Marking a function as async doesn't mean that the code within that function will run asynchronously. If your code doesn't use await or trigger any asynchronous calls, then your function will run entirely synchronously just as it would have without the async keyword. Instead, async means that your function can use await within the function (to wait for another Promise to resolve), and that your function will always return a Promise. The code you've written within f1 and f2 both use synchronous for loops, so both f1 and f2 run synchronously when called. To help with understanding, your code is more or less similar to doing (see code comments):
function f1(){ // note: No async
console.time("f1");
for(i=0;i<100;i++){}
console.timeEnd("f1");
return Promise.resolve(undefined); // returns a Promise that resolves immediately with `undefined`
}
function f2(){ // note, also not `async`
console.time("f2");
for(i=0;i<100;i++){}
console.timeEnd("f2");
return Promise.resolve(undefined);
}
async function main(){
console.time("main");
const p1 = f1(); // runs the for loop synchronously, returns a Promise which is stored in p1
// only once the first `for` in `f1` is complete and the entire `f1` function has finished executing then does the below code execute
const p2 = f2(); // runs the for loop synchronously, returns a Promise which is stored in p1
await Promise.all([p1, p2]); // wait for both `p1` and `p2` to resolve (p1 and p2 have already resolved by this point)
console.timeEnd("main");
}
main();
Another thing to note is that a Promise doesn't "run", it's more of an object that acts as a notification mechanism that tells your code once some sort of asynchronous operation has completed/failed. Promise.all() allows you to wait for multiple asynchronous operations which are occurring parallelly to complete before your code uses the values produced by the promises and continues with your code execution. For example (see code comments):
const sleep = ms => new Promise(resolve => setTimeout(resolve, ms)); // setTimeout() triggers a timer that then triggers `resolve` once completed. `setTimeout()` is asynchronous.
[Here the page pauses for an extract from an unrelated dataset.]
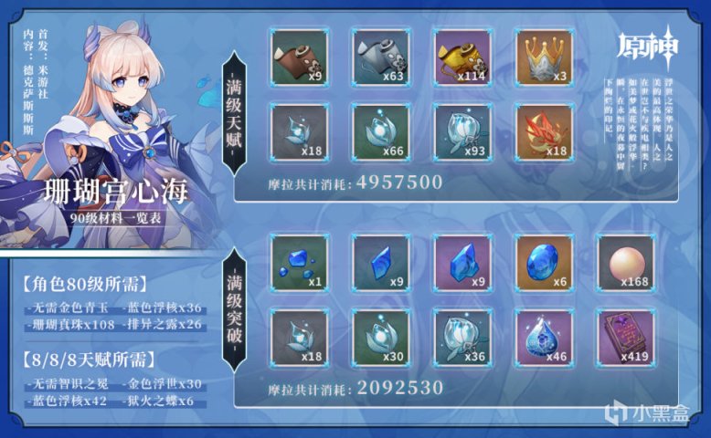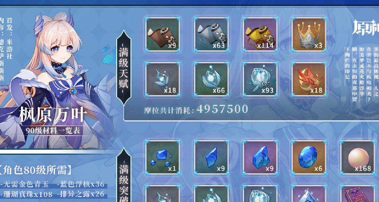 ♦图中右侧为90级以及满天赋所需,左侧为80级以及8/8/8天赋实际所需,旅行者可以自行按此进行收集,各部分材料的收集已在下方完善。狱火之蝶为女士周本材料。

async function f1(){ // note: `async` because we `await` the Promise returned by `sleep()` below
console.time("f1");
await sleep(1000); // sleep for ~1s (await causes a pending Promise to be returned from `f1()`)
console.timeEnd("f1");
}
async function f2(){
console.time("f2");
await sleep(1000); // sleeep for ~1s
console.timeEnd("f2");
}
async function main(){
console.time("main");
const p1 = f1(); // runs f1() a stores the pending Promise in p1
// while the asynchronous `setTimeout()` is running, we queue another call to `setTimeout()` below by calling `f2`
const p2 = f2(); // runs `f2()` causing another setTimeout call to be queued and another pending Promise to be returned which is stored in `p2`
// By this point we have two timeouts running in parallel in the background, `p1` will resolve once the first is complete and `p2` will resolve once the second is complete
await Promise.all([p1, p2]); // wait for both pending promises, `p1` and `p2` to resolve (p1 and p2's setTimeout timers are running in the background and will resolve once completed)
console.timeEnd("main");
}
main();
If you were to remove the Promise.all() and instead use:
async function main(){
console.time("main");
await p1();
await p2();
console.timeEnd("main");
}
Now your code will run sequentially, as p2() is only invoked once the Promise returned by calling p1() has resolved (as we're awaiting it with await). The Promise returned by p1() will only resolve once its associated setTimeout() call is completed.